See code to plot network topology for INH-M2
# select the module to plot
cur_mod <- 'INH-M2'
# plot the correlation matrix in the reference dataset
tmp <- ModuleTopologyHeatmap(
seurat_ref,
mod = cur_mod,
matrix = "Cor",
order_by = 'degree',
TOM_use = 'tutorial',
wgcna_name = 'tutorial',
high_color = 'red',
type = 'unsigned',
plot_max = 0.75,
return_genes = TRUE # select this option to get the gene order
)
# get the plot from the output list
p1 <- tmp[[1]] + ggtitle('Reference') + ylab('Correlation') + NoLegend()

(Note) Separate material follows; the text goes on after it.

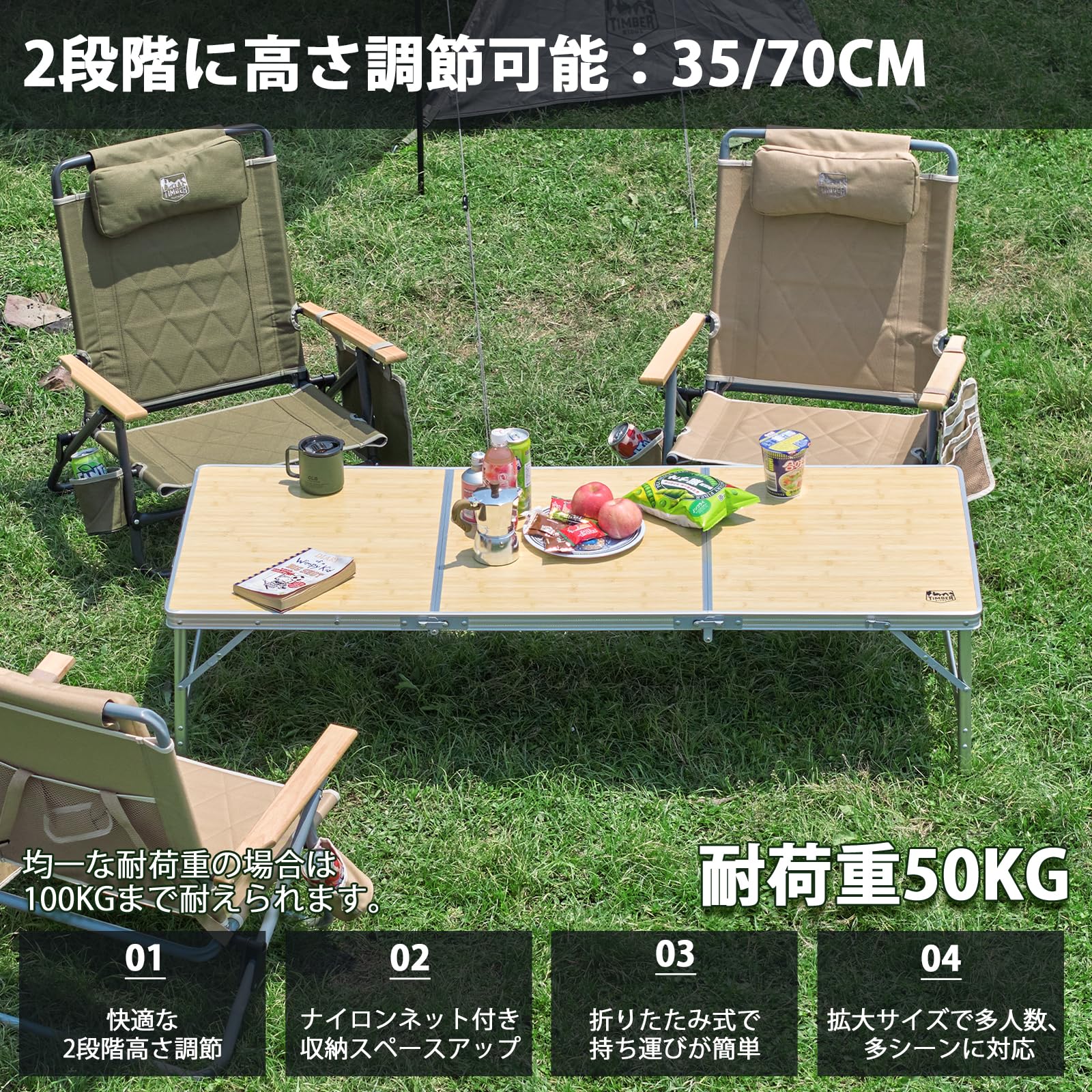 TIMBER RIDGE アウトドア 折りたたみ テーブル 高さ2段階調整可能 アウトドア レジャー キャンプ ロースタイル

# get the gene order from the output list
gene_list <- tmp[[2]]
# plot the correlation matrix in the query dataset
p2 <- ModuleTopologyHeatmap(
seurat_query,
mod = cur_mod,
matrix = "Cor",
order_by = 'degree',
wgcna_name = 'projected',
high_color = 'red',
type = 'unsigned',
plot_max = 0.75,
genes_order = gene_list
) + ggtitle('Query')
# plot the TOM in the reference dataset
p3 <- ModuleTopologyHeatmap(
seurat_ref,
mod = cur_mod,
matrix = "TOM",
order_by = 'degree',
wgcna_name = 'tutorial',
high_color = 'seagreen',
genes_order = gene_list,
plot_max = 0.05
) + ylab('Network edge weight') + NoLegend()
# plot the TOM in the query dataset
p4 <- ModuleTopologyHeatmap(
seurat_query,
mod = cur_mod,
matrix = "TOM",
order_by = 'degree',
TOM_use = 'INH',
wgcna_name = 'projected',
high_color = 'seagreen',
plot_max = 0.05,
genes_order = gene_list
)
# plot the degree in the reference dataset
p5 <- ModuleTopologyBarplot(
seurat_ref,
mod = cur_mod,
features = 'weighted_degree',
genes_order = gene_list,
wgcna_name = 'tutorial',
) + NoLegend()
# plot the degree in the query dataset
p6 <- ModuleTopologyBarplot(
seurat_query,
mod = cur_mod,
features = 'weighted_degree',
genes_order = gene_list,
wgcna_name = 'projected'
)+ NoLegend()
# plot the kME in the reference dataset
tmp <- ModuleTopologyBarplot(
seurat_ref,
mod = cur_mod,
features = 'kME',
wgcna_name = 'tutorial',
return_genes=TRUE
)
p7 <- tmp[[1]] + NoLegend()
gene_list2 <- tmp[[2]]
# plot the kME in the query dataset
p8 <- ModuleTopologyBarplot(
seurat_query,
mod = cur_mod,
features = 'kME',
genes_order = gene_list2,
wgcna_name = 'projected'
)+ NoLegend()
# assemble patch:
patch <- (p1 | p2) / (p3 | p4) / (p5 | p6) / (p7 | p8) +
plot_layout(heights=c(3,3,1,1)) &
plot_annotation(title = paste0(cur_mod, ' topology comparison')) &
theme(plot.title=element_text(hjust=0.5))
In the module topology plots for module INH-M9, we overall see similar signals in the correlation matrix, the TOM, and in the degrees and kME rankings for each gene. This is in contrast to INH-M2, which was not significantly preserved, where the signal is clearly diminished. These plots effectively show us the differences and similarities in the co-expression network topology that are picked up in the module preservation analysis.